(a) Here is my typed solution:
We have the Dirichlet problem \begin{equation}
\begin{cases}
u_t = ku_{xx} & x>0, t>0 \\
u|_{t=0} = g(x) \\
u|_{x=0} = 0
\end{cases}
\label{eq:problem}
\end{equation}
By method of continuation, we extend the initial function to the full line (recalling the odd extension for Dirichlet problems): \begin{equation}
g_{extended}(x) = \begin{cases} g(x) & x>0 \\
-g(-x) & x<0 \\
0 & x=0
\label{eq:gext}
\end{cases}
\end{equation}
So for the entire line (i.e. $-\infty<x<\infty$), we arrive at a solution with the formula as given in the textbook; call it w.
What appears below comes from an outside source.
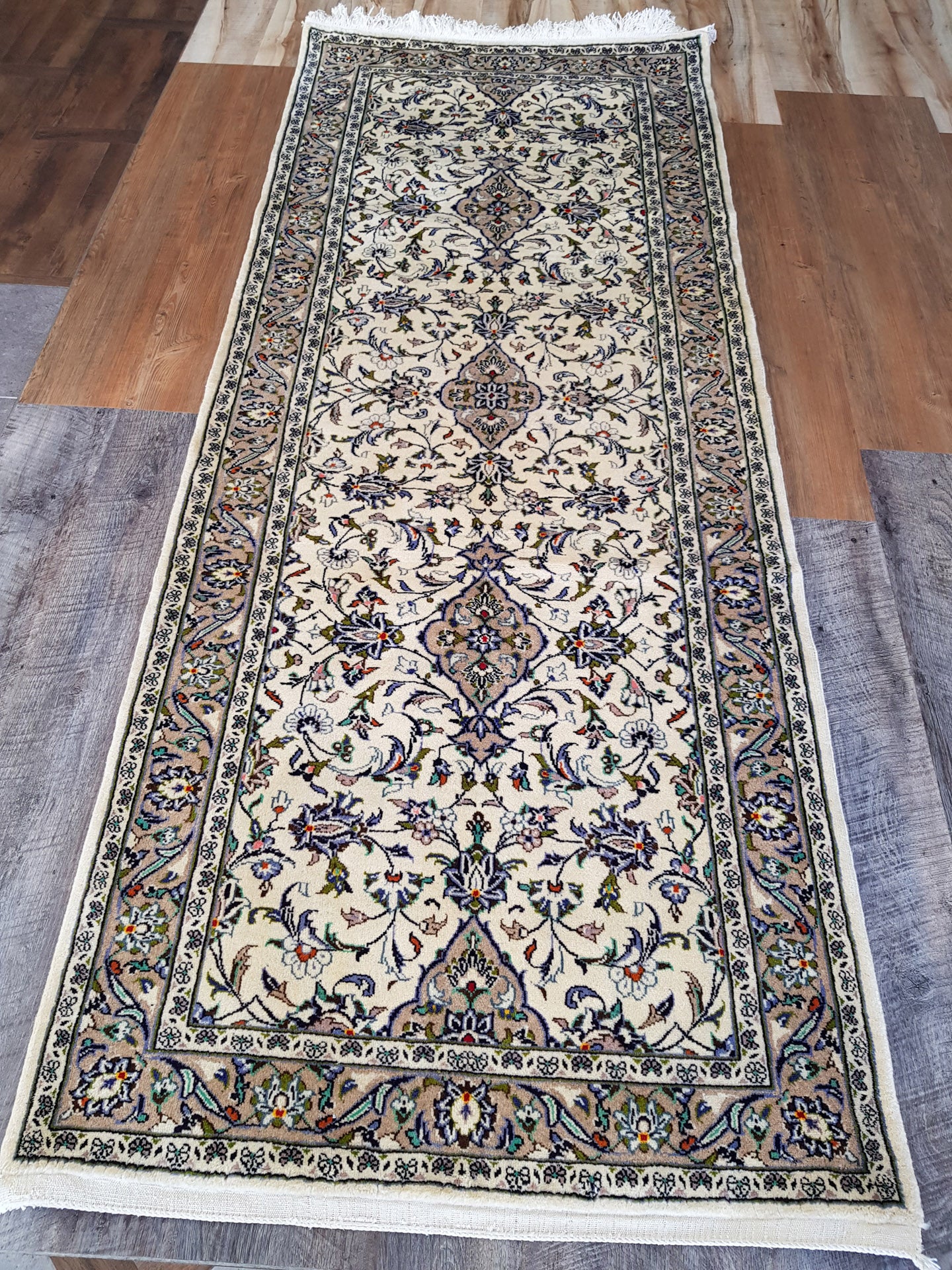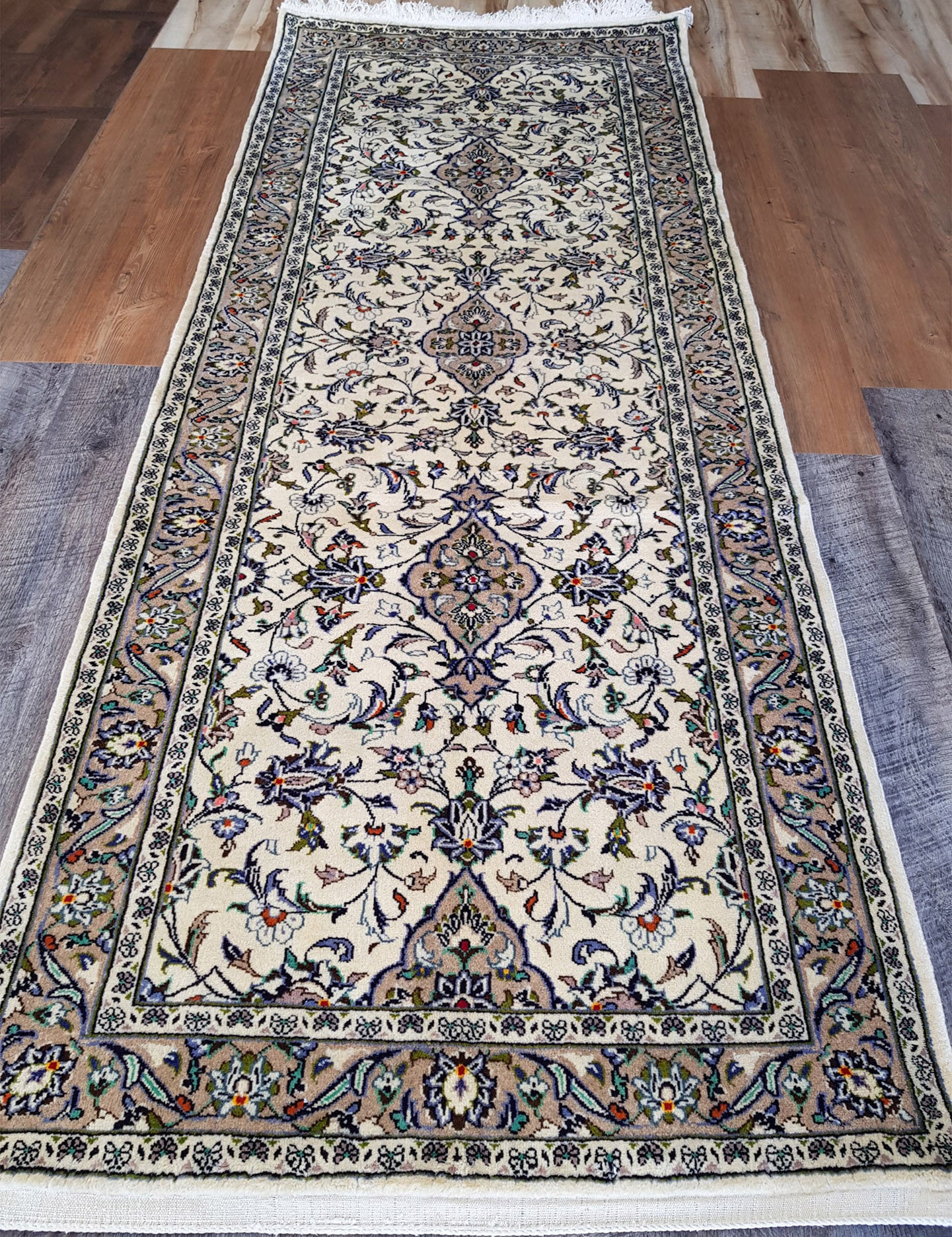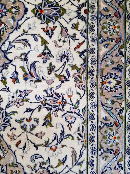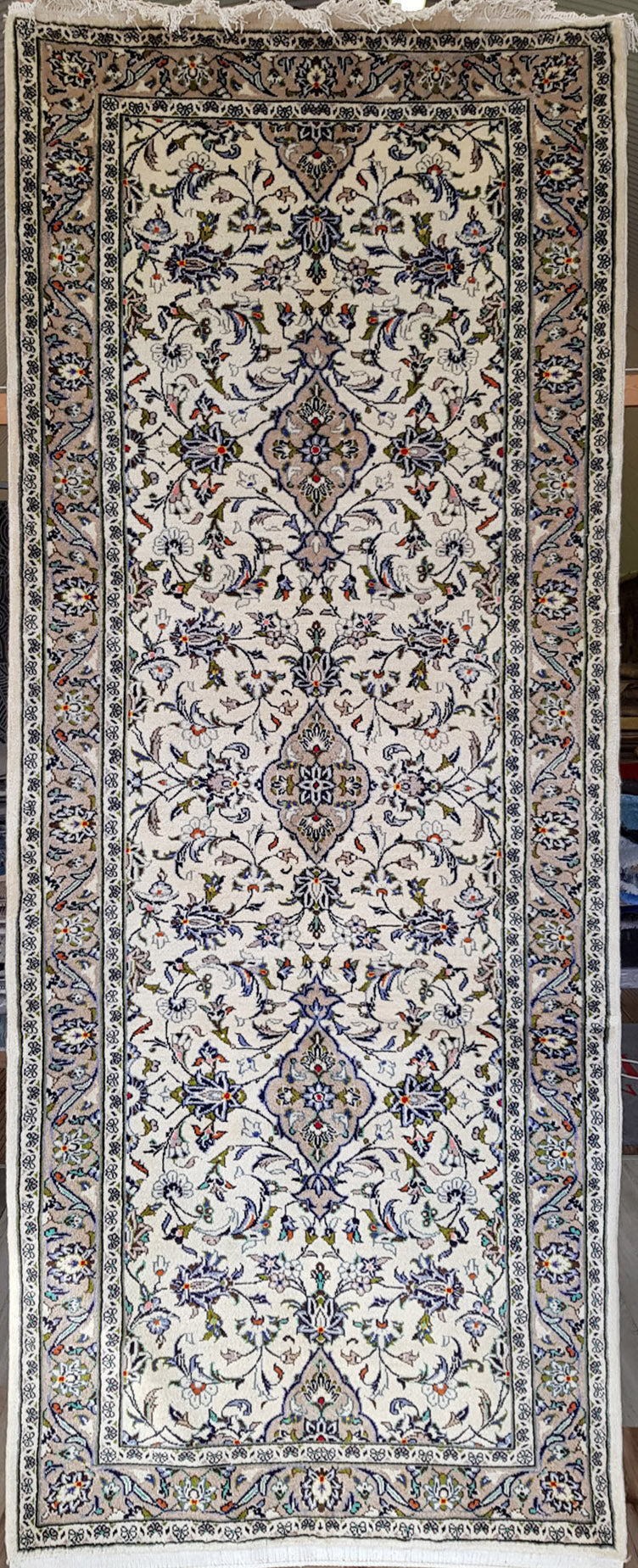Hand-knotted in Kashan, one of Persia’s most esteemed weaving centres, this runner embodies the grace and symmetry that define classical Persian design. A series of nested, lobed medallions sits at its heart, surrounded by palmettes, rosettes, and scrolling vines that flow across the ivory field in a balanced, floral arrangement.

The solution to the given problem \ref{eq:problem} will just be this solution in the region of x>0. \begin{equation}
w(x,t) = \int_{-\infty}^{\infty} G(x,y,t)g_{extended}(y)dy
\end{equation}
So using the definition of $g_{extended}$ as given in \ref{eq:gext}, we can rewrite this as: \begin{equation}
w(x,t) = \int_{0}^{\infty} G(x,y,t)g(y)dy - \int_{-\infty}^{0} G(x,y,t)g(-y)dy
\end{equation}
In the second equation above, let's make a change of variables from -y to y. Then this yields: \begin{equation}
w(x,t) = \int_0^{\infty}[G(x,y,t) - G(x, -y, t)]g(y)dy \end{equation}
This is our solution. Written in terms of the definition of G, we arrive at the final solution to \ref{eq:problem}: \begin{equation}
u(x,t) = \frac{1}{2\sqrt{\pi{}kt}}\int_0^{\infty}[e^{-(x-y)^2/(4kt)} - e^{-(x+y)^2/(4kt)}]g(y)dy \end{equation}
(b) Part (b) is very similar, only here we have a Neumann problem: \begin{equation}
\begin{cases}
u_t = ku_{xx} & x>0, t>0 \\
u|{t=0} = g(x) \\
u_x|{x=0} = 0
\end{cases}
\label{eq:neumann}
\end{equation}
Recall that for Neumann problems, the continuation is even. So we write the extension of the initial function to the entire line: \begin{equation}
g_{extended}(x) = \begin{cases} g(x) & x \geq 0 \\
g(-x) & x \leq 0 \end{cases}
\label{eq:geven}
\end{equation}
Proceeding similarly as in part (a), the solution for the whole line will be: \begin{equation}
w(x,t) = \int_{-\infty}^{\infty} G(x,y,t)g_{extended}(y)dy
\end{equation}
The solution to \ref{eq:neumann} will just be this solution in the region x>0.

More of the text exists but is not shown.